## Exercise requirements
Each line holding the word "that" must appear in the answer, copied from the entries.

## Data for processing

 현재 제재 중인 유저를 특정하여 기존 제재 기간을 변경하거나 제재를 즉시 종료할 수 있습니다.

--

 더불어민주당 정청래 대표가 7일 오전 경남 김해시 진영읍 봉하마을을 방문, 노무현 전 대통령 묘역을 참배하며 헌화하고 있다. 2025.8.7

---

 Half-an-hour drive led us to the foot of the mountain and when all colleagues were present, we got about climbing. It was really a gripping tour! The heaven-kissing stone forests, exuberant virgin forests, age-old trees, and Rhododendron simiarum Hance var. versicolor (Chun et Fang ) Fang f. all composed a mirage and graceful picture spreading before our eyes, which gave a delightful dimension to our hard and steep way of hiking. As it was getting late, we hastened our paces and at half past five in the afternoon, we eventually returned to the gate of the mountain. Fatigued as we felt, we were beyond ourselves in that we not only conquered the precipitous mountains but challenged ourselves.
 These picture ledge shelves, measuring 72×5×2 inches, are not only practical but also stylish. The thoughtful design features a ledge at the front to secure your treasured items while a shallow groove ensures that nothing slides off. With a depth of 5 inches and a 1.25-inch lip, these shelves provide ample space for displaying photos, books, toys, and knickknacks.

## Answer to this problem
 Half-an-hour drive led us to the foot of the mountain and when all colleagues were present, we got about climbing. It was really a gripping tour! The heaven-kissing stone forests, exuberant virgin forests, age-old trees, and Rhododendron simiarum Hance var. versicolor (Chun et Fang ) Fang f. all composed a mirage and graceful picture spreading before our eyes, which gave a delightful dimension to our hard and steep way of hiking. As it was getting late, we hastened our paces and at half past five in the afternoon, we eventually returned to the gate of the mountain. Fatigued as we felt, we were beyond ourselves in that we not only conquered the precipitous mountains but challenged ourselves.
 These picture ledge shelves, measuring 72×5×2 inches, are not only practical but also stylish. The thoughtful design features a ledge at the front to secure your treasured items while a shallow groove ensures that nothing slides off. With a depth of 5 inches and a 1.25-inch lip, these shelves provide ample space for displaying photos, books, toys, and knickknacks.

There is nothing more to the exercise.